Great service is part of the brand

Jo heads up a management team that focuses on customer service centres, together with a smaller team that focuses on the retail experience. Both teams are geared around ensuring all M&S employees deliver the consistently great customer experience that is so much a part of its brand. While the service values are consistent, there is huge range and variety in how they might be delivered. As Jo says: “I’m responsible for customer service across the brand. How that looks and feels in our store, in our customer service centres, customer contact by phone or email, letters, social media, even down to the home deliveries experience.” With the challenge of ensuring customers experience the same service values across all these touch points, Jo and her team use The Institute of Customer Service’s National Customer Service Week (NCSW) to remind everyone that they are truly involved.

A drumbeat throughout the week

NCSW runs during the first full week of October and M&S have been taking part since 2012. Jo describes it as ‘a marker in the diary that you know everyone is going to get behind.’ “Each year has been better than the last, both in terms of the NCSW experience and its business outcomes for M&S.” She says: “This year has clearly been the best yet. The support and structure coming out from The Institute provided a real drumbeat throughout the week, that we could build around.” Jo announced the NCSW early to her heads of region and frontline managers with both emails and conference calls. “We had a longer run-in around the communication of the week” she recalls, “so we could galvanise people and do more around recognition and rewarding great service.”

A framework for engagement

M&S used themes The Institute provided, running from ‘understanding your customers’ and ‘dealing with problems’ to ‘recognising the business impact of customer service’, to generate a toolkit suggesting daily activities for retail stores and service centres. Meanwhile, for the duration of the week, M&S used its internal social network, Yammer, as the place for employees to share their customer service stories and experiences and a budget was raised to reward customer service excellence wherever it was found. In just seven days, M&S recognised and rewarded 567 individuals who had provided exceptional customer service. The national event provided a framework to further promote customer service within the company and see staff actively engage with its values.
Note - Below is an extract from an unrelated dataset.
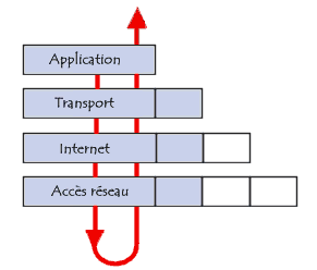 Ainsi, lors d’une transmission, les données traversent chaque couche du modèle TCP/IP de la machine émettrice et à chacune d’elles, une nouvelle information, appelée entête, est ajoutée au paquet de données. Il s’agit d’un ensemble de d’informations garantissant la transmission. Au niveau de la machine réceptrice, l’information transite alors par chacune des couches du modèle, l’entête est lue, puis supprimée. Ainsi, à la réception, le message se présente dans son état originel :
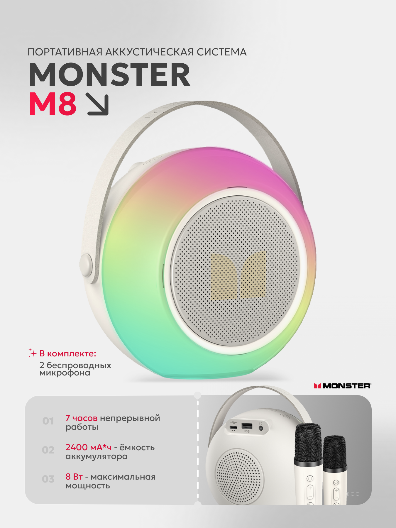 Купить Портативная акустическая система MONSTER M8 (караоке), белая с доставкой по всей России. Портативная акустическая система MONSTER M8 (караоке), белая: сравнение цен, характеристики, фото, актуальное наличие и цены.

I can see the return on investment

M&S has been a member of The Institute for the last five years, and has just renewed that membership for a further four, to gain further assistance as the business continues to move with the times. Being a retailer with one foot on the High Street and one foot in the digital space brings its own particular challenges. “Online is a faster moving environment” says Jo. “How do we act in a more agile and responsive way on customer feedback particularly in regard to social media? They are ahead of us in terms of multi-channel; customers think multi-channel just as a matter of course, and how we join that experience up is really important.”

Jo believes the best approach is to take a broad view, using insights from The Institute to spot examples of good practice wherever they may be. Meanwhile, the company’s own training materials are accredited by The Institute, to ensure they always reflect the latest research. “It’s essential to look outside your own sector” says Jo. “The Institute gives us an independent, UK-wide perspective on customer service. And it’s valuable to get that external review and verification on how our people are trained.” Ultimately, it was Jo’s decision to renew M&S’s Institute membership “ it wasn’t a difficult choice. I can see the return on investment from the work we’ve done so far” she says. “I was happy to sign that budget off.”